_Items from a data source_
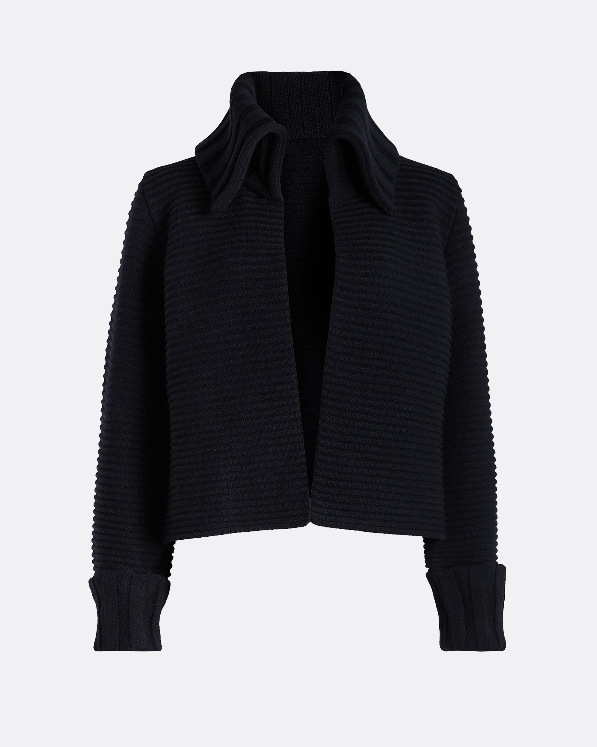 Foldover collared cardigan with draped, cuffed sleeve in navy.
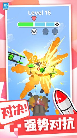 4、这款游戏是一款休闲闯关类游戏,玩家需要升级强化自己的导弹,不断地消灭所有的敌人关卡。
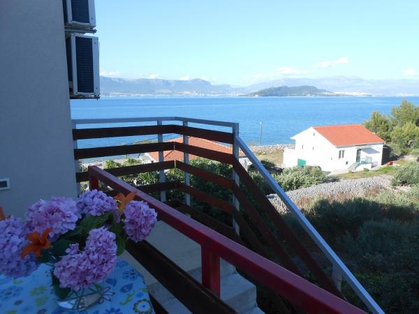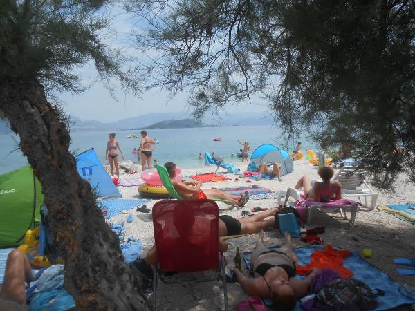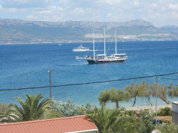 Pri gospe Ivanki smo se počutili zelo prijetno, stanovanje je bilo čisto, dobro opremljeno, na vseh oknih so bile mreže. Gostiteljica je zelo prijazna gospa, priskrbela nam je vse, kar smo potrebovali. Hiša je res blizu plaže in hkrati pod gozdom, tako da večino časa ni bilo potrebe po klimi, tam je bil prijeten zrak iz gora (in živeli smo na podstrešju). Plaža je čista, prodnata, neobljudena. Bližina in dobra dostopnost dveh čudovitih zgodovinskih mest - Trogirja in Splita (z avtom, javnim prevozom, ladjo). Vozovnica za ladjo Slatine - Split stane 5,50 evra
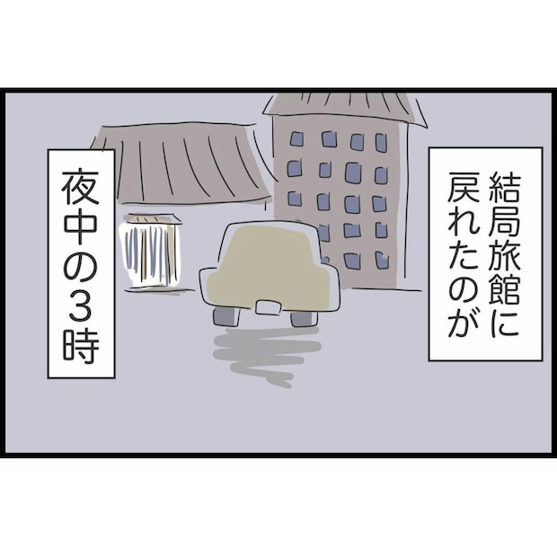 すみれさんたちは、男性たちから逃げるようにしてホテルに戻りました。そのまま倒れ込むように爆睡。チェックアウトの時間になりやっとの思いで車に乗ったのですが、みんな体調が悪そう。
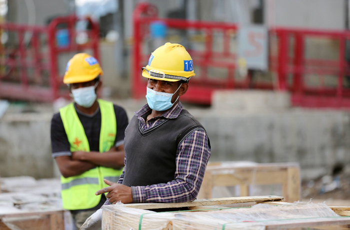 8月16日,非洲疾控中心总部大楼项目组工人在工地工作。新华社记者 汪平摄
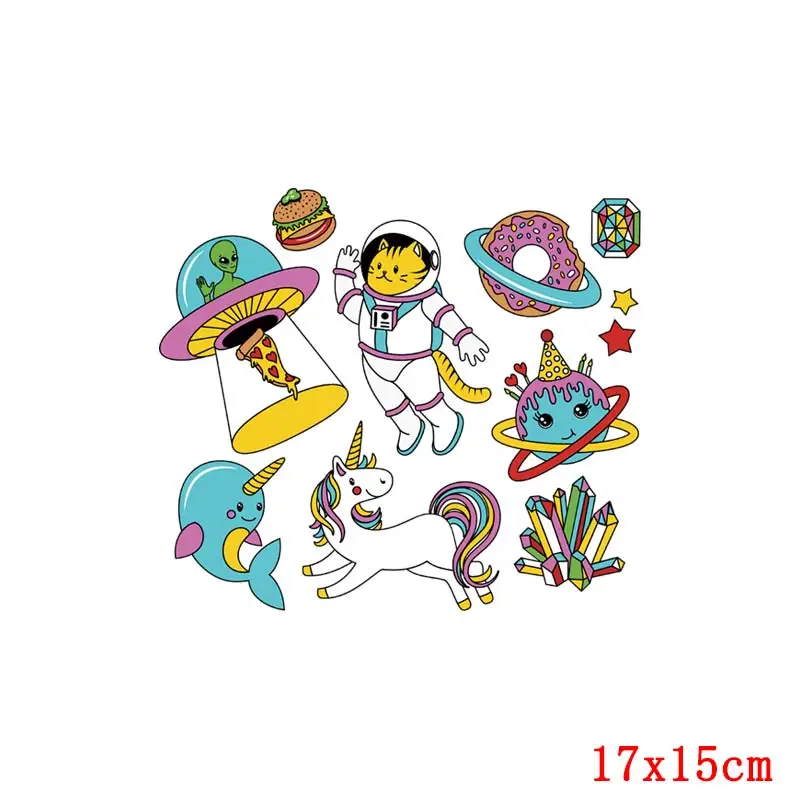 Астронавт НЛО термоперенос утюгом печатные наклейки для ткани косми...
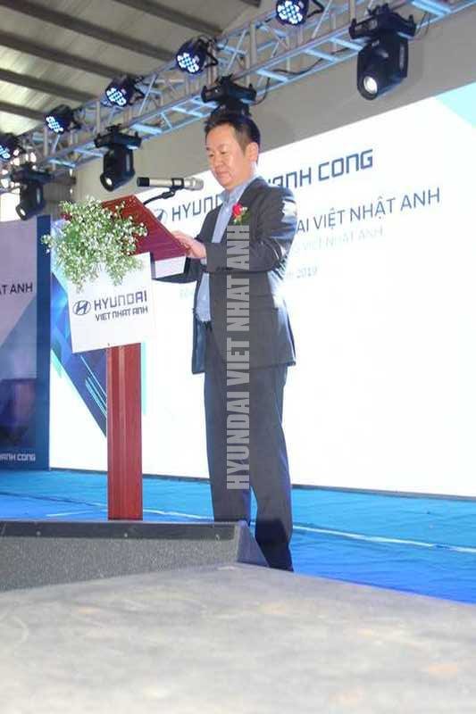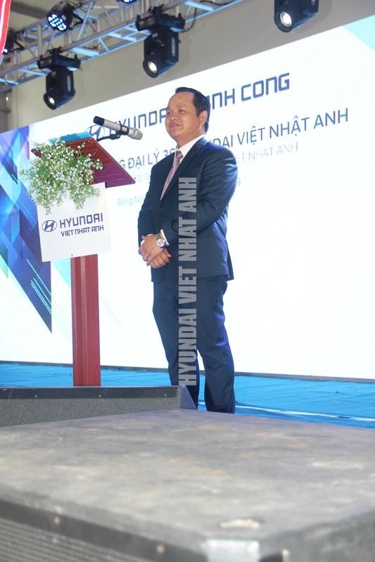 Thay mặt công ty cổ phần ô tô Việt Nhật Anh, tôi nồng nhiệt chào đón Quý vị quan khách đã đến tham dự lễ khai trương Hyundai Việt Nhật Anh 3S, sự góp mặt của quý vị là niềm động viên to lớn cho chúng tôi trên chặng đường sắp tới.
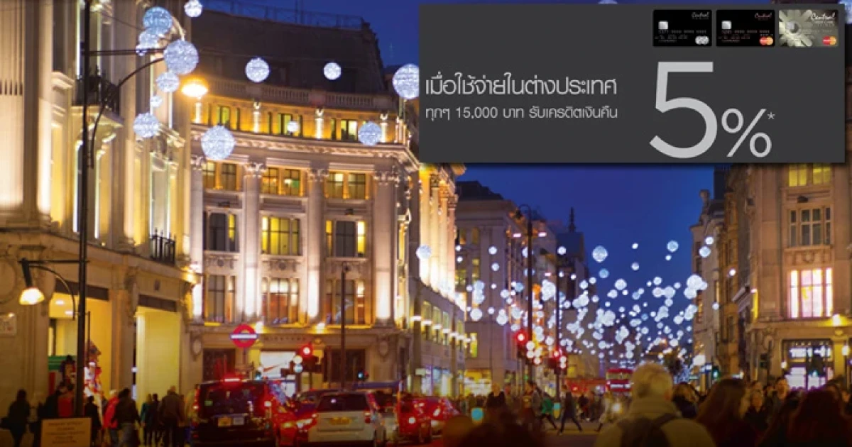 รับเงินคืน 5% เมื่อใช้จ่ายที่ต่างประเทศ ทุกๆ 15,000 บาท ด้วยบัตรเซ็นทรัล เครดิตคาร์ด
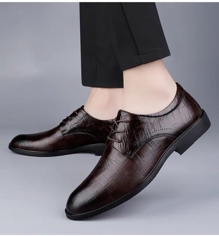 Oxford Shoes for Men Lace Up Round Burnished Toe Leather Derby Shoes Block Heel Rubber Sole Low Top Non Slip Party 6

_WHAT YOU WILL DO_
The entries above are to be copied exactly, with every picture left out.

_SOLUTION TO THE PROBLEM_
 Foldover collared cardigan with draped, cuffed sleeve in navy.
 4、这款游戏是一款休闲闯关类游戏,玩家需要升级强化自己的导弹,不断地消灭所有的敌人关卡。
 Pri gospe Ivanki smo se počutili zelo prijetno, stanovanje je bilo čisto, dobro opremljeno, na vseh oknih so bile mreže. Gostiteljica je zelo prijazna gospa, priskrbela nam je vse, kar smo potrebovali. Hiša je res blizu plaže in hkrati pod gozdom, tako da večino časa ni bilo potrebe po klimi, tam je bil prijeten zrak iz gora (in živeli smo na podstrešju). Plaža je čista, prodnata, neobljudena. Bližina in dobra dostopnost dveh čudovitih zgodovinskih mest - Trogirja in Splita (z avtom, javnim prevozom, ladjo). Vozovnica za ladjo Slatine - Split stane 5,50 evra
 すみれさんたちは、男性たちから逃げるようにしてホテルに戻りました。そのまま倒れ込むように爆睡。チェックアウトの時間になりやっとの思いで車に乗ったのですが、みんな体調が悪そう。
 8月16日,非洲疾控中心总部大楼项目组工人在工地工作。新华社记者 汪平摄
 Астронавт НЛО термоперенос утюгом печатные наклейки для ткани косми...
 Thay mặt công ty cổ phần ô tô Việt Nhật Anh, tôi nồng nhiệt chào đón Quý vị quan khách đã đến tham dự lễ khai trương Hyundai Việt Nhật Anh 3S, sự góp mặt của quý vị là niềm động viên to lớn cho chúng tôi trên chặng đường sắp tới.
 รับเงินคืน 5% เมื่อใช้จ่ายที่ต่างประเทศ ทุกๆ 15,000 บาท ด้วยบัตรเซ็นทรัล เครดิตคาร์ด
 Oxford Shoes for Men Lace Up Round Burnished Toe Leather Derby Shoes Block Heel Rubber Sole Low Top Non Slip Party 6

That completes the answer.